## DIRECTIONS FOR THIS TASK:
Retype the data that follows, keeping every character the same.

[Opening PROVIDED INFORMATION section]

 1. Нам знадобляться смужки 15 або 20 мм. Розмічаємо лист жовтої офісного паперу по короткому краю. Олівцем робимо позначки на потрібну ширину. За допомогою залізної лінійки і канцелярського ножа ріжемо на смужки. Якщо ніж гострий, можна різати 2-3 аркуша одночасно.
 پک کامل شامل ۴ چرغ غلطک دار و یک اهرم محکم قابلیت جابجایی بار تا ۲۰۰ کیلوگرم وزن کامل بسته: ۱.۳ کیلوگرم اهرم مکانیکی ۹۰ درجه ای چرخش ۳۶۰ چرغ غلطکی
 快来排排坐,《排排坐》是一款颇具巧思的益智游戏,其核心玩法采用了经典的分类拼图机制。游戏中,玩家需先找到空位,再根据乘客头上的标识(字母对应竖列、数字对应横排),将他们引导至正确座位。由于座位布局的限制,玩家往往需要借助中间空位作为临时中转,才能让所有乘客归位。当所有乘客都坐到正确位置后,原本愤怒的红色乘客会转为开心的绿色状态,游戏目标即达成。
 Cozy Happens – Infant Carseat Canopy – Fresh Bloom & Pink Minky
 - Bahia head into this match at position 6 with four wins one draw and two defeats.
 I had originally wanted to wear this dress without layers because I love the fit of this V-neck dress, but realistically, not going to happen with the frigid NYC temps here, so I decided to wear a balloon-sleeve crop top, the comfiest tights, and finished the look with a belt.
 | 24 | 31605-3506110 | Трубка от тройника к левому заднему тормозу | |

[Closing PROVIDED INFORMATION section]

## SOLUTION FOR THIS PROBLEM:
 1. Нам знадобляться смужки 15 або 20 мм. Розмічаємо лист жовтої офісного паперу по короткому краю. Олівцем робимо позначки на потрібну ширину. За допомогою залізної лінійки і канцелярського ножа ріжемо на смужки. Якщо ніж гострий, можна різати 2-3 аркуша одночасно.
 پک کامل شامل ۴ چرغ غلطک دار و یک اهرم محکم قابلیت جابجایی بار تا ۲۰۰ کیلوگرم وزن کامل بسته: ۱.۳ کیلوگرم اهرم مکانیکی ۹۰ درجه ای چرخش ۳۶۰ چرغ غلطکی
 快来排排坐,《排排坐》是一款颇具巧思的益智游戏,其核心玩法采用了经典的分类拼图机制。游戏中,玩家需先找到空位,再根据乘客头上的标识(字母对应竖列、数字对应横排),将他们引导至正确座位。由于座位布局的限制,玩家往往需要借助中间空位作为临时中转,才能让所有乘客归位。当所有乘客都坐到正确位置后,原本愤怒的红色乘客会转为开心的绿色状态,游戏目标即达成。
 Cozy Happens – Infant Carseat Canopy – Fresh Bloom & Pink Minky
 - Bahia head into this match at position 6 with four wins one draw and two defeats.
 I had originally wanted to wear this dress without layers because I love the fit of this V-neck dress, but realistically, not going to happen with the frigid NYC temps here, so I decided to wear a balloon-sleeve crop top, the comfiest tights, and finished the look with a belt.
 | 24 | 31605-3506110 | Трубка от тройника к левому заднему тормозу | |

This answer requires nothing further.